_Problem description_
Reproduce exactly the first line of the material below and every line after it, ending with the line that contains "На 8 светоточек, основание". No pictures should be copied.
** Opening Source data block **
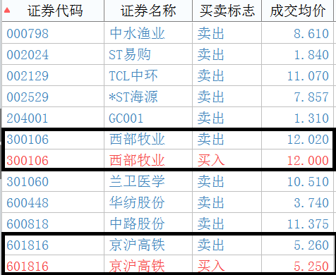 出现重大BUG,感觉受到重大挫败。黑框两个股票,在开盘未达预期条件的情况下,自动卖出。更严重的问题是,601816京沪高铁卖出时还赔钱,说明程序有重大隐患BUG,目前没有查出原因,将继续重点关注程序运行情况。两个买入是发现程序有问题后,手动第一时间补回的。
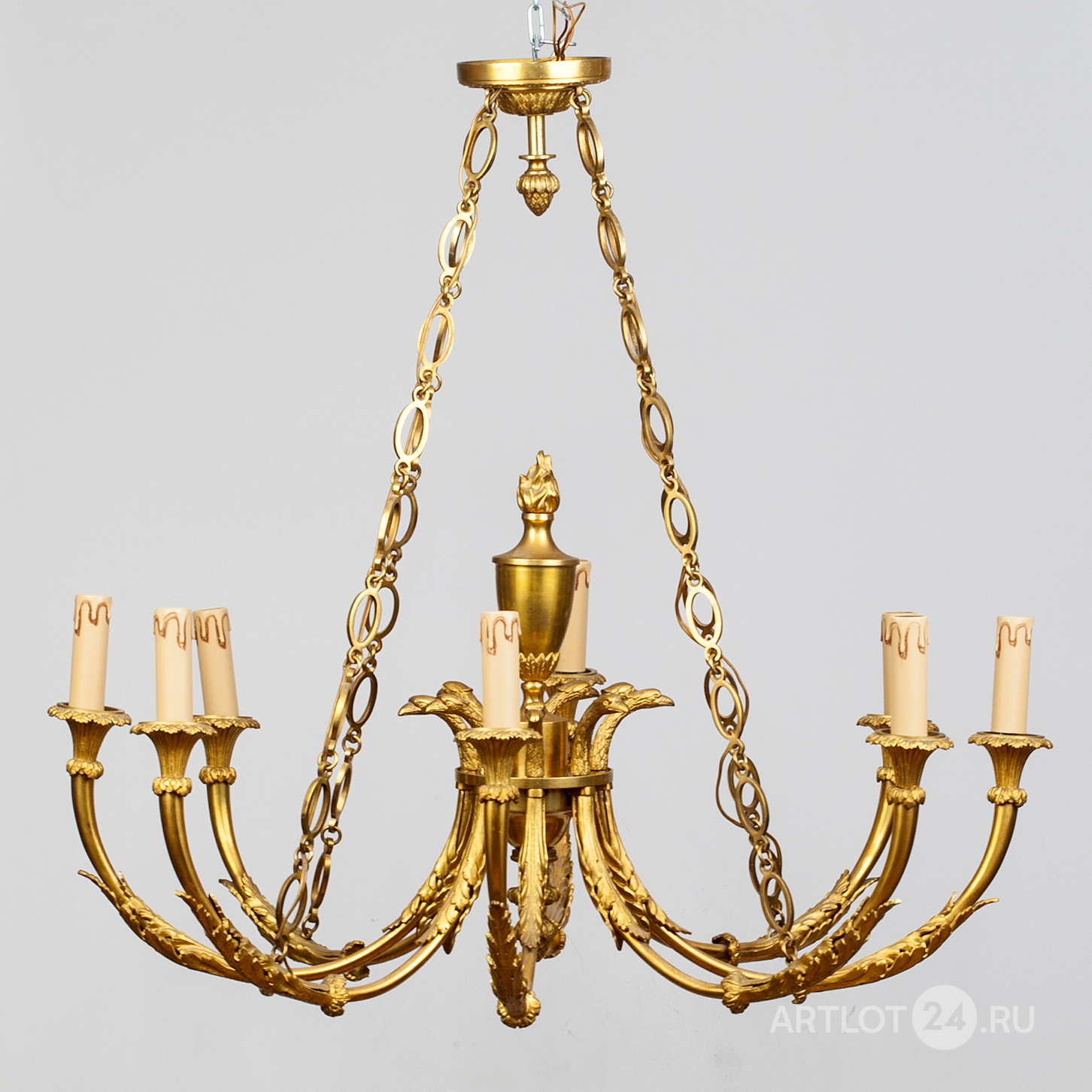 На 8 светоточек, основание каждого рожка выполнено в виде головы орла. Бронза, литье, чеканка, монтировка, Европа, конец XIX века, высота - 70 см, диаметр - 65 см
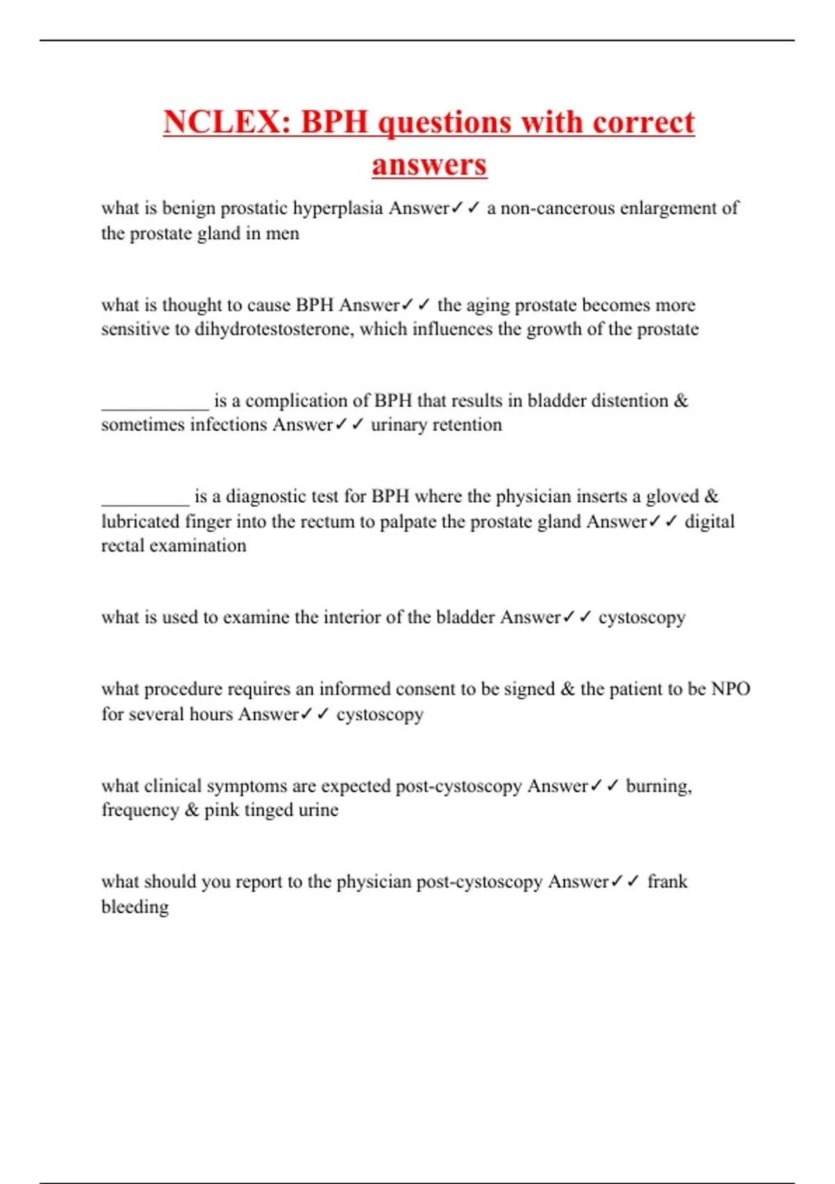 what is benign prostatic hyperplasia Answer a non-cancerous enlargement of the prostate gland in men what is thought to cause BPH Answer the aging prostate becomes more sensitive to dihydrotestosterone, which influences the growth of the prostate ___________ is a complication of BPH that results in bladder distention & sometimes infections Answer urinary retention _________ is a diagnostic test for BPH where the physician inserts a gloved & lubricated finger into the rectum to palpate the prostate gland Answer digital rectal examination what is used to examine the interior of the bladder Answer cystoscopy what procedure requires an informed consent to be signed & the patient to be NPO for several hours Answer cystoscopy what clinical symptoms are expected post-cystoscopy Answer burning, frequency & pink tinged urine what should you report to the physician post-cystoscopy Answer frank bleeding
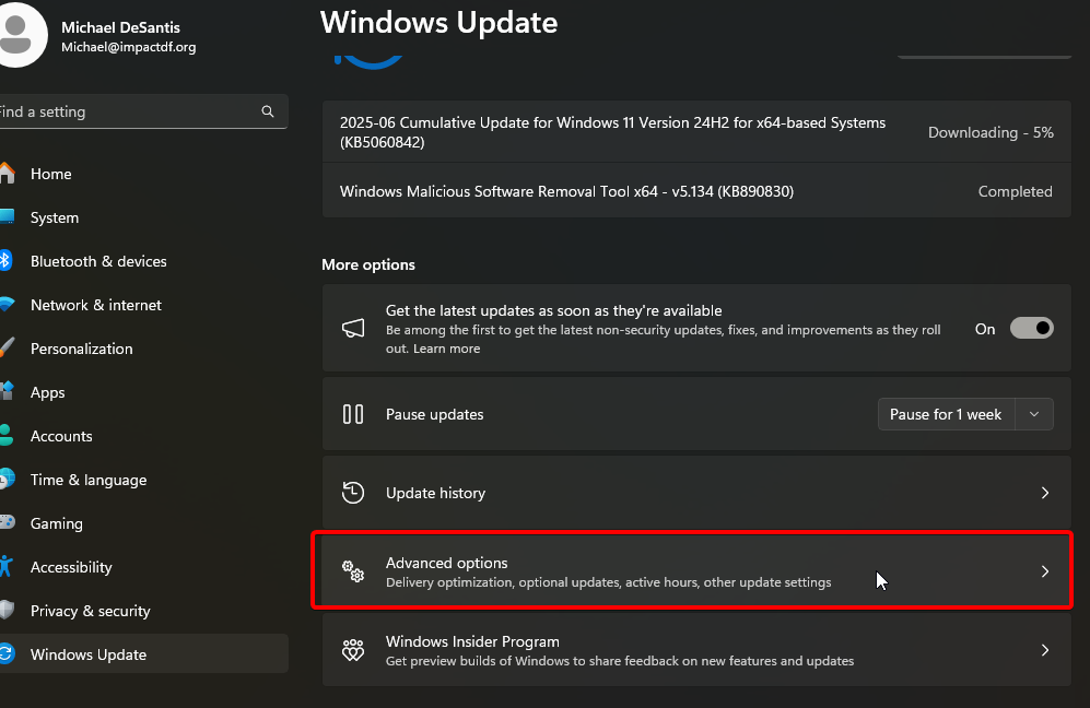 - Under the Windows Update window from above, select "Advanced Options"
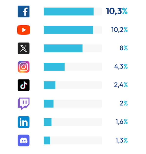 - LinkedIn atteint 1,6 % (contre 0,6 %), soit un bond d’un point en un an, confirmant la tendance observée en 2024.
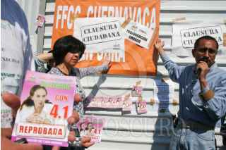 MÉXICO, D.F., 27NOVIEMBRE2008.- Vecinos de la delegación Miuel Hidalgo pertenecientes a la organización denominada Urbanitas Clausuraron simbólicamente la obra en costrucion llamada prolongación embudo ubicada en Ferrocarril de Cuernavaca, esquina Ejercito Nacional, de igual manera repartieron volantes en los cuales reprobaban a la delegada Gabriela Cuevas con una calificación de 4.1 en dicha encuesta participaron 7834 vecinos de esta demarcación. FOTO: RICARDO CASTELAN/CUARTOSCURO.COM
** Closing Source data block **
_Response to this task_
 出现重大BUG,感觉受到重大挫败。黑框两个股票,在开盘未达预期条件的情况下,自动卖出。更严重的问题是,601816京沪高铁卖出时还赔钱,说明程序有重大隐患BUG,目前没有查出原因,将继续重点关注程序运行情况。两个买入是发现程序有问题后,手动第一时间补回的。
 На 8 светоточек, основание каждого рожка выполнено в виде головы орла. Бронза, литье, чеканка, монтировка, Европа, конец XIX века, высота - 70 см, диаметр - 65 см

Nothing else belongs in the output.